=== Section Start ===

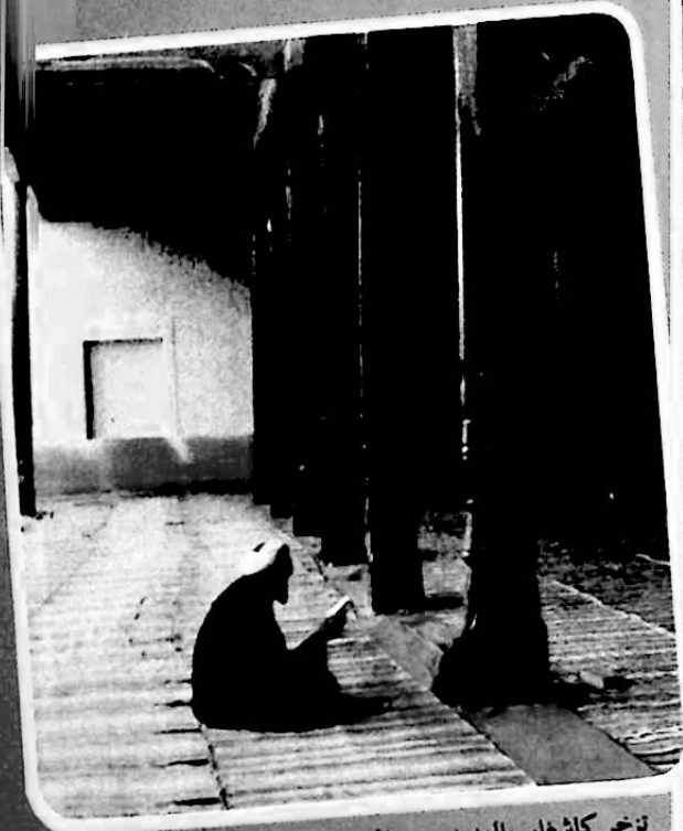
تزخر كاشغار بالعديد من المساجد
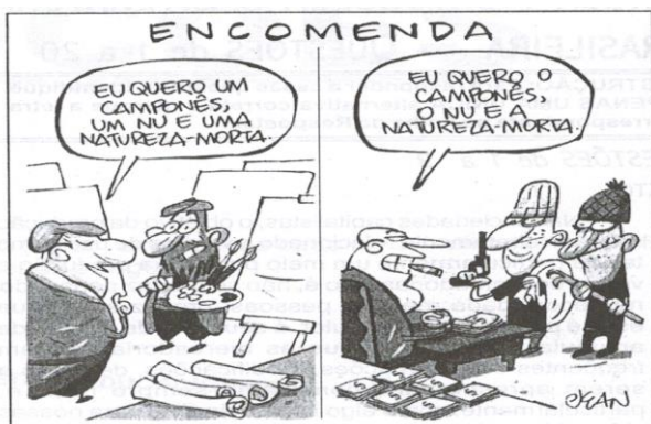
JEAN. Encomenda. Folha de S. Paulo, São Paulo., Opinião.

Marque V ou F conforme sejam as afirmações verdadeiras ou falsas.
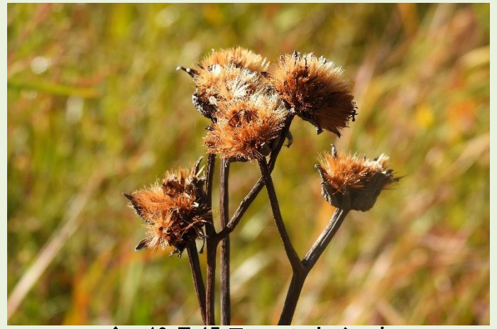
↑ 10月15日 ハンカイソウ かたい実の中にはふわふわ種が入っています。
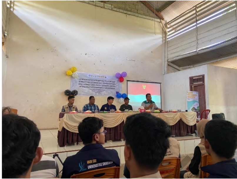
Gambar 9 Prosesi peresmian tim konservasi toga bidara oleh pemerintahan desa.
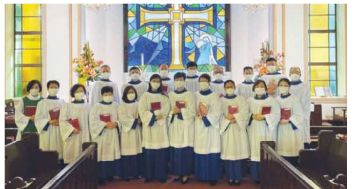
參與「一人一詩 110」的本堂詩班員合照
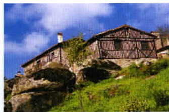
La Alberca, l'un des plus beaux villages d'Espagne.
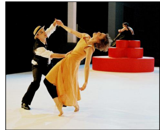
"3xLorca" von Jochen Ulrich
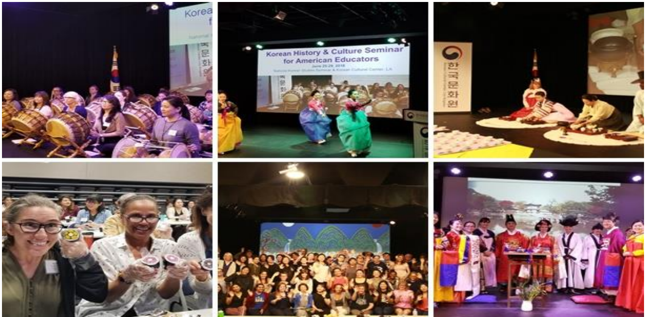
(2018 한국 역사 · 문화 교육자 세미나 자료사진 / June 25-29, 2018)
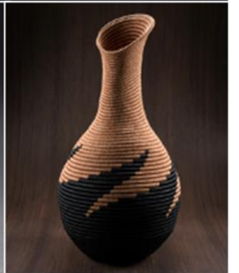
Cestería de Guacamayas
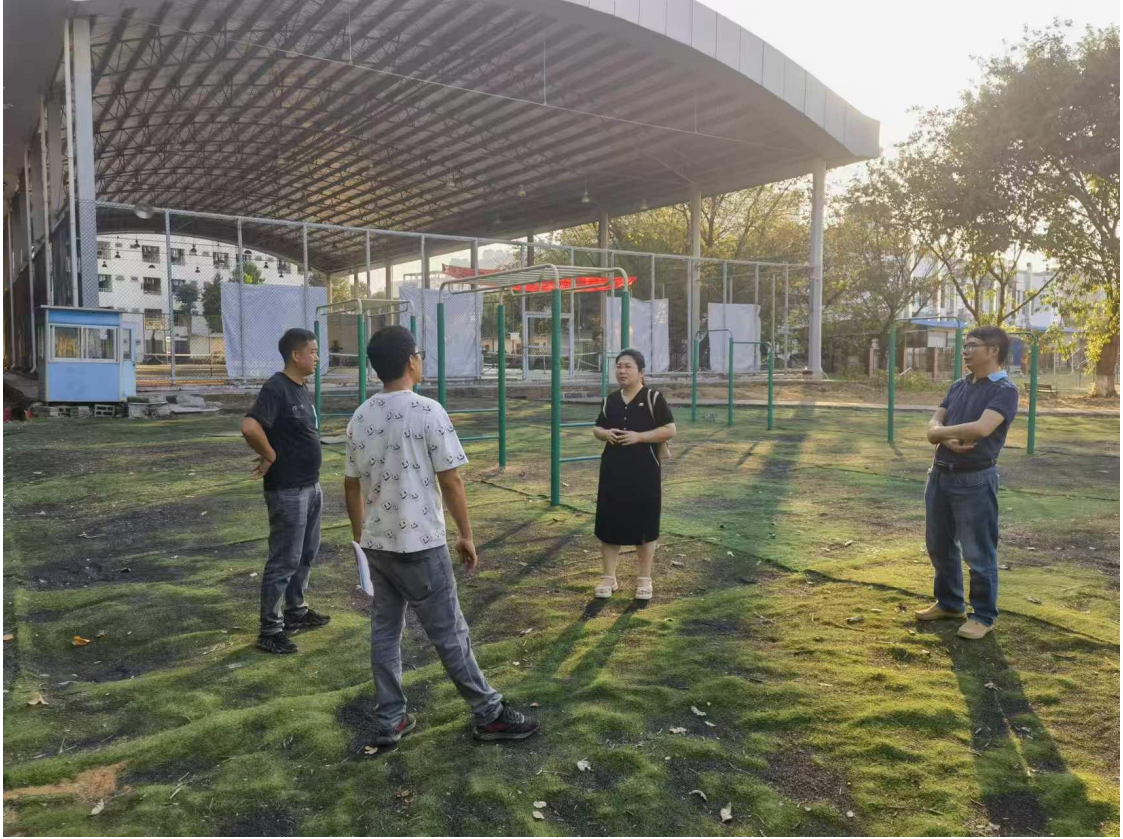
现场确定田径场健身路径维修方案
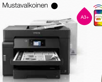
EcoTank ET-M16600 -sarja

Tulostus, kopiointi ja skannaus ET-M16680 mallissa PCL-tuki Huippunopea tulostus ja skannaus 2 x 250 arkin paperilokero (maks. A3), 50 arkin takasyöttö 50 arkin nopea arkinsyöttölaite Liitännät: Wi-Fi, Wi-Fi Direct ja Ethernet Yhteensopiva Epson Smart Panel -sovelluksen kanssa Helppo mobiilitulostus Epson PrecisionCore -tekniikka 6,8 cm värikosketusnäyttö Yhden vuoden / 150 000 sivun takuu 15
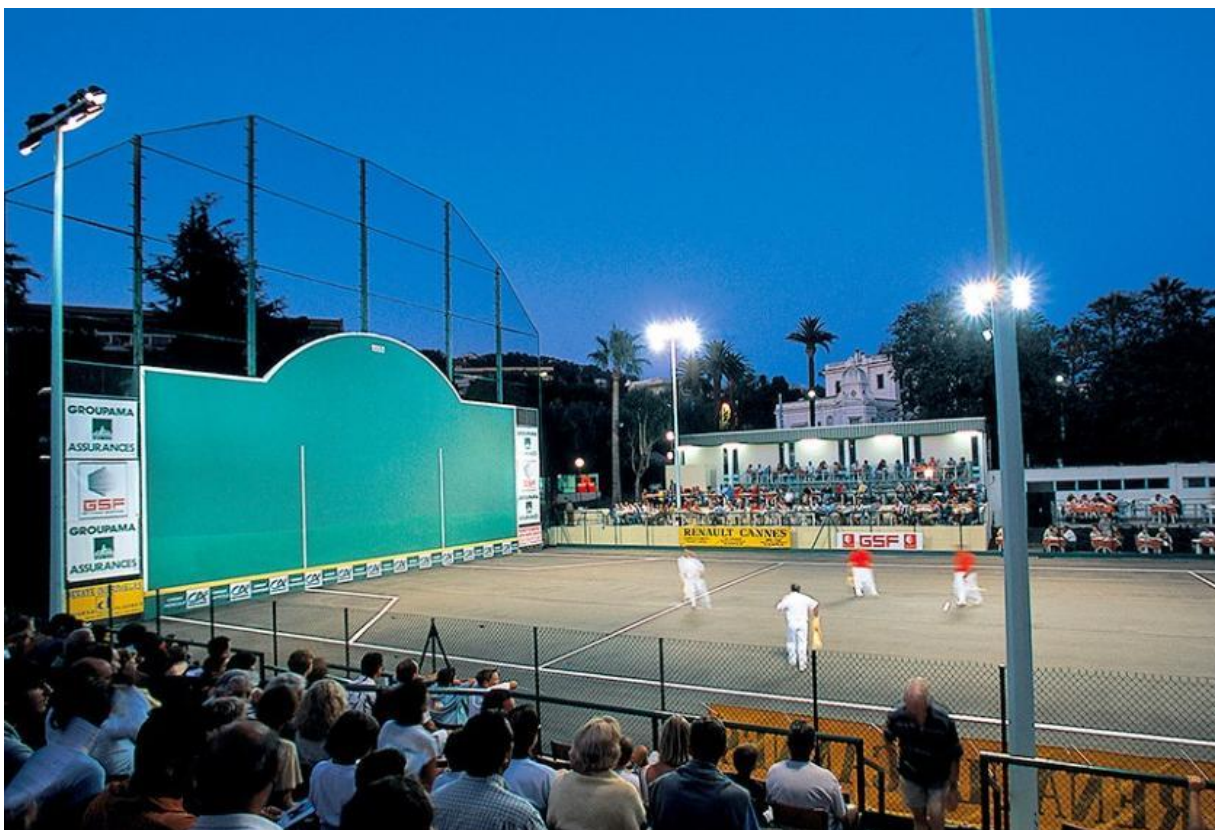
Fig.3 - Fronton Michel Ughetto à Cannes

Ce type d'installation sportive est très commun au Pays Basque (français et espagnol) mais peu courant ailleurs. Pour la plupart des pelotari interrogés, c'est probablement la pratique locale de la pelote provençale qui a favorisé l'émergence et l'implantation de la pelote basque. Cette dernière y aurait permis de sauvegarder le fronton. En effet, à la fin du XIX e siècle, plusieurs autres villages alentours possèdent des frontons dont la plupart ont disparu comme à la Colle-sur-Loup ou à Châteauneuf-de-Grasse (Nice-Matin du 10 décembre 2017). D'autres frontons, plus récents, sont dédiés uniquement à la pratique sportive avec barrières grillagées et parfois même gradins comme c'est le cas à Villeneuve-Loubet ou encore Cannes dont la construction remonte à 1959 (fig.3).
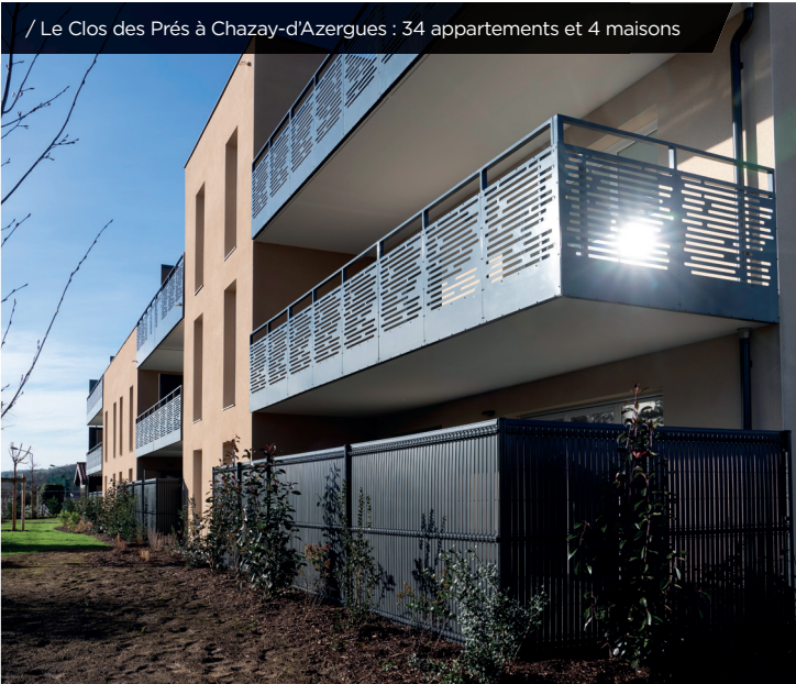
/ Le Clos des Prés à Chazay-d'Azergues : 34 appartements et 4 maisons
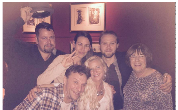
Anders and the cast in New York
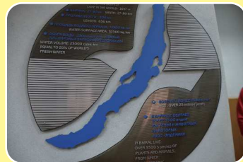
バイカル湖博物館 in イルクーツク
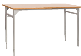
● stół zak z regulacją 2 osobowy
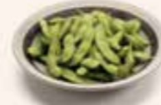
46. EDAMAME Sojabonen
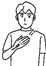
〈知る③〉 右手のひらで胸を軽くたたく。
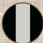
ブラック ライトグレー
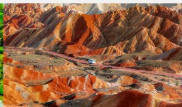
ภูเขาสายรุ้งจางเย่ต้นเสี่ย
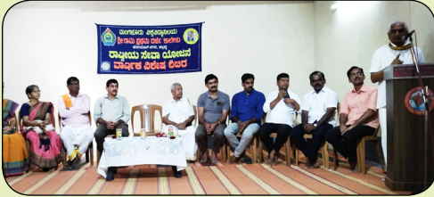
ರಾಷ್ಟ್ರೀಯ ಸೇವಾ ಯೋಜನೆಯ ವಾರ್ಷಿಕ ವಿಶೇಷ ಶಿಬಿರದ ಸಮಾರೋಪ 17.02.2024
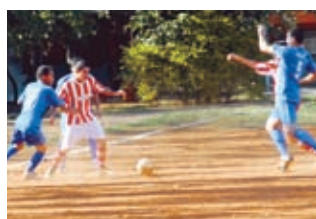
Delga X Radial Metal
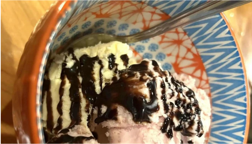
ダイニング pond comentario 4
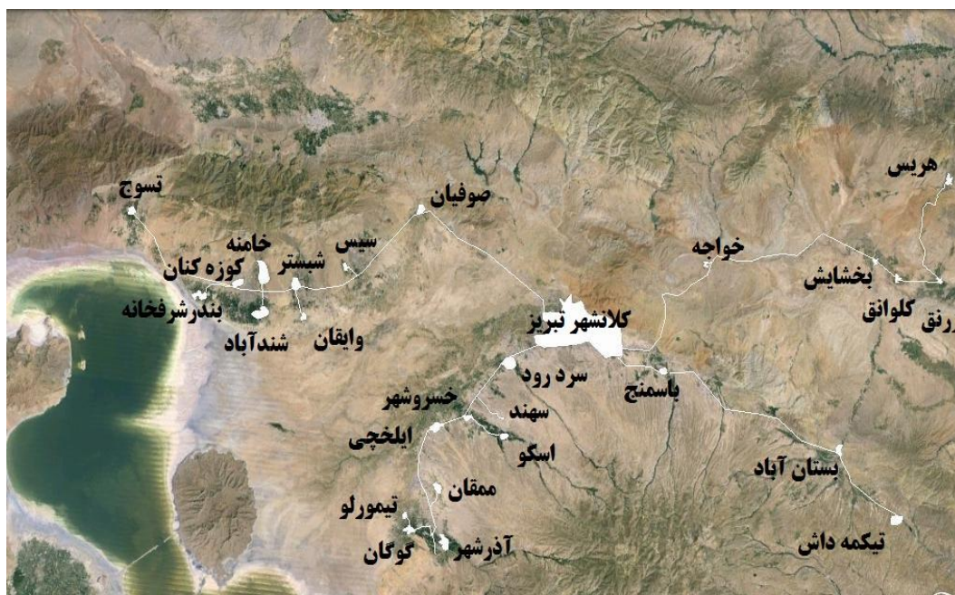
شکل ۱: نقشه موقعیت جغرافیایی و سیستم شهری-منطقه‌ای مربوط به منطقه کلانشهری تبریز

سطوح توپوگرافی بین ۱۳۰۰ الی ۱۷۵۰ متری به صورت طولی استقرار یافته است. این شهر در محدوده عرض‌های جغرافیایی ۳۶ درجه؛ نه دقیقه الی ۳۸ درجه و یک دقیقه طول‌های شرقی ۴۸ درجه و ۲۳ دقیقه الی ۴۶ درجه و ۱۱ دقیقه با ارتفاع متوسط ۱۳۴۰ متر از سطح آب‌های آزاد در سطح جلگه‌ای به همین نام واقع شده و در حال توسعه است (عابدینی و همکاران، ۱۳۹۱: ۲۵۱).

=== Section End ===

Extract the part of the records that opens with the line containing "參與「一人一詩 110」的本堂詩班員合照" and closes with the line containing "شکل ۱: نقشه". Take only those lines, exactly, and no pictures.

參與「一人一詩 110」的本堂詩班員合照
La Alberca, l'un des plus beaux villages d'Espagne.
"3xLorca" von Jochen Ulrich
(2018 한국 역사 · 문화 교육자 세미나 자료사진 / June 25-29, 2018)
Cestería de Guacamayas
现场确定田径场健身路径维修方案
EcoTank ET-M16600 -sarja

Tulostus, kopiointi ja skannaus ET-M16680 mallissa PCL-tuki Huippunopea tulostus ja skannaus 2 x 250 arkin paperilokero (maks. A3), 50 arkin takasyöttö 50 arkin nopea arkinsyöttölaite Liitännät: Wi-Fi, Wi-Fi Direct ja Ethernet Yhteensopiva Epson Smart Panel -sovelluksen kanssa Helppo mobiilitulostus Epson PrecisionCore -tekniikka 6,8 cm värikosketusnäyttö Yhden vuoden / 150 000 sivun takuu 15
Fig.3 - Fronton Michel Ughetto à Cannes

Ce type d'installation sportive est très commun au Pays Basque (français et espagnol) mais peu courant ailleurs. Pour la plupart des pelotari interrogés, c'est probablement la pratique locale de la pelote provençale qui a favorisé l'émergence et l'implantation de la pelote basque. Cette dernière y aurait permis de sauvegarder le fronton. En effet, à la fin du XIX e siècle, plusieurs autres villages alentours possèdent des frontons dont la plupart ont disparu comme à la Colle-sur-Loup ou à Châteauneuf-de-Grasse (Nice-Matin du 10 décembre 2017). D'autres frontons, plus récents, sont dédiés uniquement à la pratique sportive avec barrières grillagées et parfois même gradins comme c'est le cas à Villeneuve-Loubet ou encore Cannes dont la construction remonte à 1959 (fig.3).
/ Le Clos des Prés à Chazay-d'Azergues : 34 appartements et 4 maisons
Anders and the cast in New York
バイカル湖博物館 in イルクーツク
● stół zak z regulacją 2 osobowy
46. EDAMAME Sojabonen
〈知る③〉 右手のひらで胸を軽くたたく。
ブラック ライトグレー
ภูเขาสายรุ้งจางเย่ต้นเสี่ย
ರಾಷ್ಟ್ರೀಯ ಸೇವಾ ಯೋಜನೆಯ ವಾರ್ಷಿಕ ವಿಶೇಷ ಶಿಬಿರದ ಸಮಾರೋಪ 17.02.2024
Delga X Radial Metal
ダイニング pond comentario 4
شکل ۱: نقشه موقعیت جغرافیایی و سیستم شهری-منطقه‌ای مربوط به منطقه کلانشهری تبریز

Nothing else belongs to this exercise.